The International Monetary Fund (IMF) announced that the IMF staff team and the Egyptian authorities have reached a staff-level agreement on the third review of Egypt’s economic reform programme.
An International Monetary Fund (IMF) team had visited Egypt from May 2-17 to conduct the third review for Egypt’s reform programme, which is supported by a three-year Extended Fund Facility in the form of a $12 billion loan agreed upon in 2016.
In the press release, the IMF said: “The IMF staff team and the Egyptian authorities have reached a staff-level agreement on the third review of Egypt’s economic reform programme, which is supported by the IMF’s SDR 8.597 billion (about $12 billion) arrangement,” noting that “the staff-level agreement is subject to approval by the IMF’s Executive Board.”
“Completion of this review would make available [to Egypt] SDR 1,432.76 million (about US$2 billion), bringing total disbursements under the programme to about US$8 billion,” the IMF staff team explained.
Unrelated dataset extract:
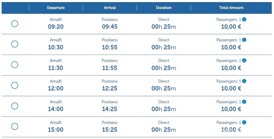 travelmar.it – Website phà phổ biến tại khu vực bờ biển Amalfi, dùng để tra cứu và đặt vé phà giữa Salerno – Amalfi – Positano (hoạt động theo mùa, chủ yếu từ tháng 4 đến tháng 10).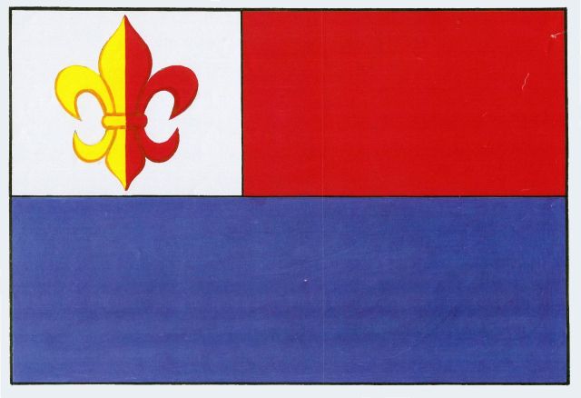 List tvoří bíle karé široké jednu polovinu šířky listu se žluto-červeně polcenou lilií a dva vodorovné pruhy, červený a modrý. Poměr šířky k délce listu je 2:3.

“Egypt has begun to reap the benefits of its ambitious and politically difficult economic reform programme. While the process has required sacrifices in the short-term, the reforms were critical to stabilise the economy and lay the foundation for strong and sustained growth that will improve living standards for all Egyptians,” according to the press release.
“Egypt’s growth has continued to accelerate during 2017/18, rising to 5.2 percent in the first half of the year from 4.2 percent in 2016/17,” the IMF staff team said.
The team also determined that the “current account deficit has also declined sharply, reflecting the recovery in tourism and strong growth in remittances, while improved investor confidence has continued to support portfolio inflows.”
The staff team also praised the monetary policy carried out by the Central Bank of Egypt.
“Annual headline inflation has declined from 33 percent in mid-2016 to around 13 percent in April, anchored by the well-calibrated monetary policy of the Central Bank of Egypt (CBE),” the staff team said.
The report expected that Egypt would “achieve a primary budget surplus excluding interest payments in 2017/18, with general government debt as a share of GDP expected to decline for the first time in a decade. The budget for 2018/19 targets a primary surplus of 2 percent of GDP, which would keep public debt on a firmly downward path.”
“The government continues to move forward with structural reforms to modernise the economy and tap the potential of Egypt’s growing population.” the report said.
The IMF staff team stressed that “strengthening the social safety net remains a top priority for the Egyptian authorities and is strongly supported by the IMF.”
“We welcome the plan to further expand the “Takafol” and “Karama” programmes to help protect Egypt’s most vulnerable. The school meals programme for children as well as expansion of child care centers also aim to increase women’s participation in the labour force, which will be essential to sustaining strong and inclusive growth over the medium term,” the staff team concluded.